- **Exercise**
Except for the pictures, retype the records that follow exactly.

Dataset items

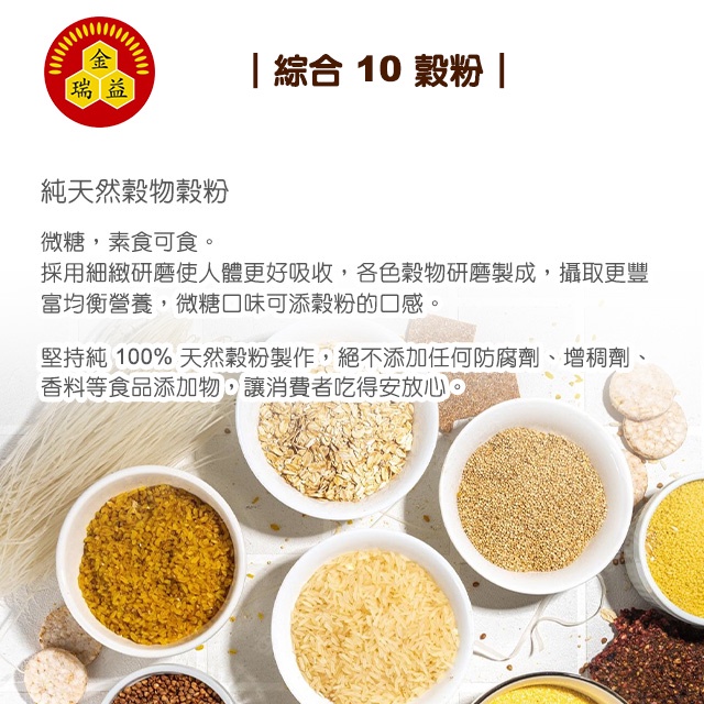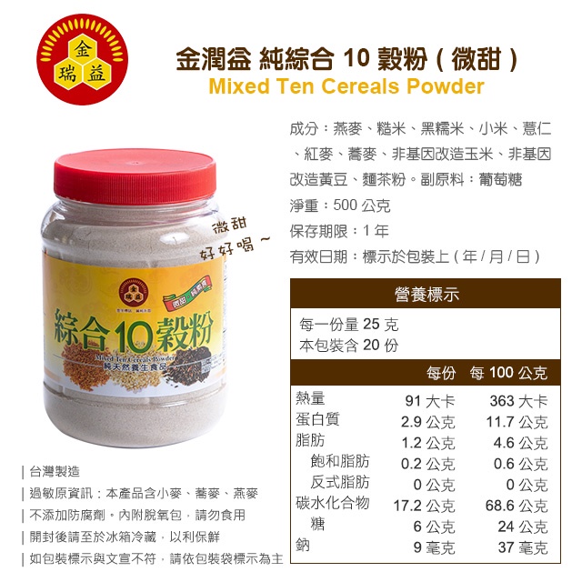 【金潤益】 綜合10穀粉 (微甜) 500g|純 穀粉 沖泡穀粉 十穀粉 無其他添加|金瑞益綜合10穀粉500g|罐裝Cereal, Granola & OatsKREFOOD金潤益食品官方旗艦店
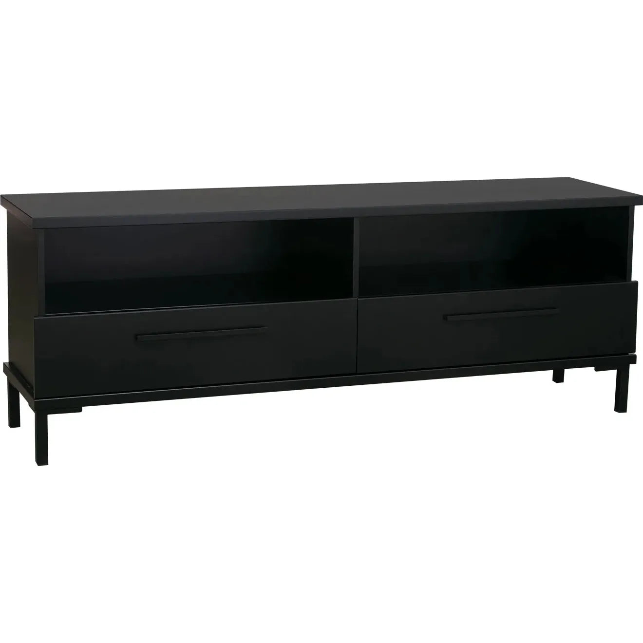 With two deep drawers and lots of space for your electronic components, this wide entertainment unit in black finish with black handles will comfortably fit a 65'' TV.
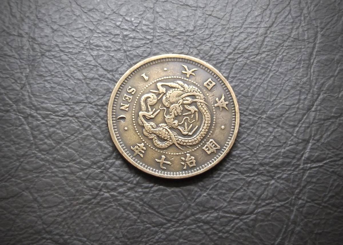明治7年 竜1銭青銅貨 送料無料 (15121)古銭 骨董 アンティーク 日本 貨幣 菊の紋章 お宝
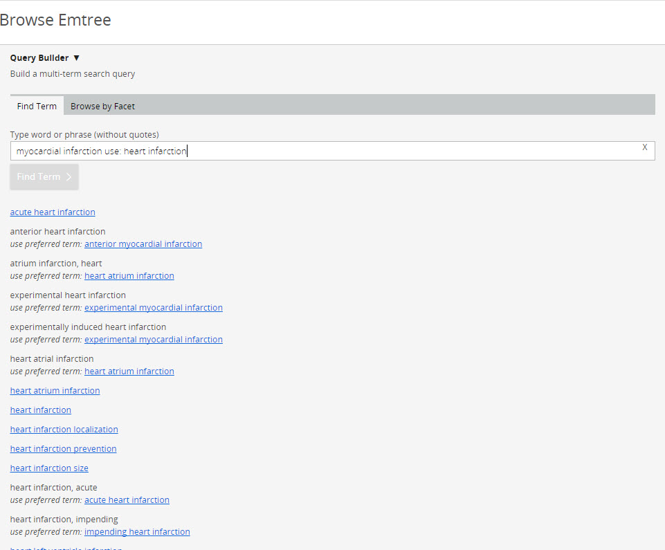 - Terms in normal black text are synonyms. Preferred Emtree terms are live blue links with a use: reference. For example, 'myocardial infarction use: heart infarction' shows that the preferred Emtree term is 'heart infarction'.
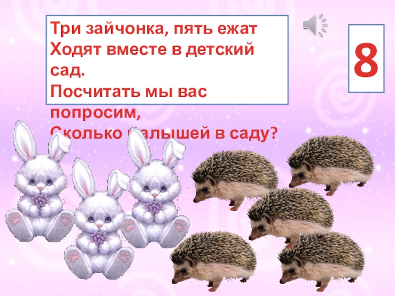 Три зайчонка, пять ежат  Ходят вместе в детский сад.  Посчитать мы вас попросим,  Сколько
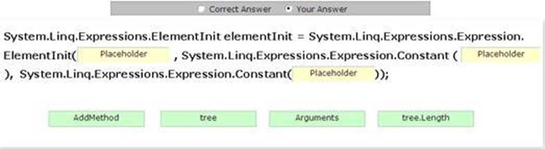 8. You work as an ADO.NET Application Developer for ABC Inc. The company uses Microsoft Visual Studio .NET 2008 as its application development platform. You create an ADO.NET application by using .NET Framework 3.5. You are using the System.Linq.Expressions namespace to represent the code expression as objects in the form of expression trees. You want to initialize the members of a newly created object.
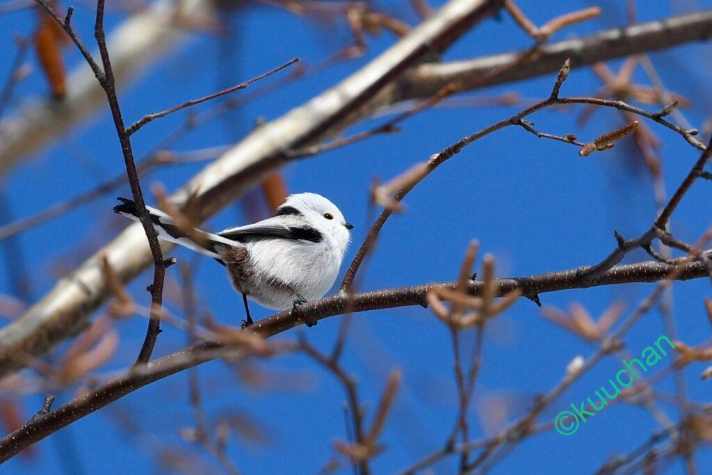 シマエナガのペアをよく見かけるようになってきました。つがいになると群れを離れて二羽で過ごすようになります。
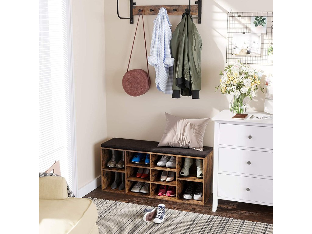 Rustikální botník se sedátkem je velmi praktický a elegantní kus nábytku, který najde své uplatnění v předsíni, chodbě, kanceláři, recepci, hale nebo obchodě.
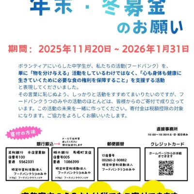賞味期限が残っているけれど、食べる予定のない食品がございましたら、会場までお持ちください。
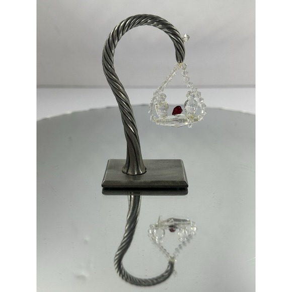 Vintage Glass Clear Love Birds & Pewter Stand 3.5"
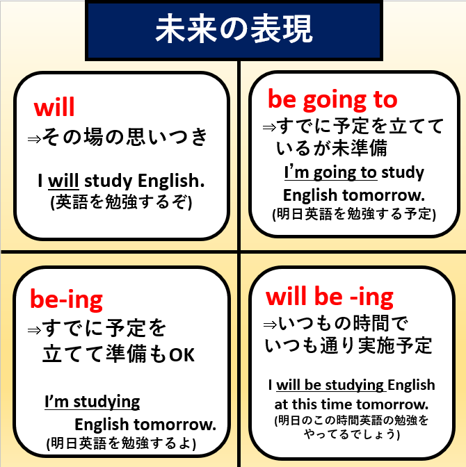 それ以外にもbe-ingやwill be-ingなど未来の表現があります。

- **Answer box**
 【金潤益】 綜合10穀粉 (微甜) 500g|純 穀粉 沖泡穀粉 十穀粉 無其他添加|金瑞益綜合10穀粉500g|罐裝Cereal, Granola & OatsKREFOOD金潤益食品官方旗艦店
 With two deep drawers and lots of space for your electronic components, this wide entertainment unit in black finish with black handles will comfortably fit a 65'' TV.
明治7年 竜1銭青銅貨 送料無料 (15121)古銭 骨董 アンティーク 日本 貨幣 菊の紋章 お宝
 - Terms in normal black text are synonyms. Preferred Emtree terms are live blue links with a use: reference. For example, 'myocardial infarction use: heart infarction' shows that the preferred Emtree term is 'heart infarction'.
 Три зайчонка, пять ежат  Ходят вместе в детский сад.  Посчитать мы вас попросим,  Сколько
 8. You work as an ADO.NET Application Developer for ABC Inc. The company uses Microsoft Visual Studio .NET 2008 as its application development platform. You create an ADO.NET application by using .NET Framework 3.5. You are using the System.Linq.Expressions namespace to represent the code expression as objects in the form of expression trees. You want to initialize the members of a newly created object.
 シマエナガのペアをよく見かけるようになってきました。つがいになると群れを離れて二羽で過ごすようになります。
 Rustikální botník se sedátkem je velmi praktický a elegantní kus nábytku, který najde své uplatnění v předsíni, chodbě, kanceláři, recepci, hale nebo obchodě.
賞味期限が残っているけれど、食べる予定のない食品がございましたら、会場までお持ちください。
 Vintage Glass Clear Love Birds & Pewter Stand 3.5"
 それ以外にもbe-ingやwill be-ingなど未来の表現があります。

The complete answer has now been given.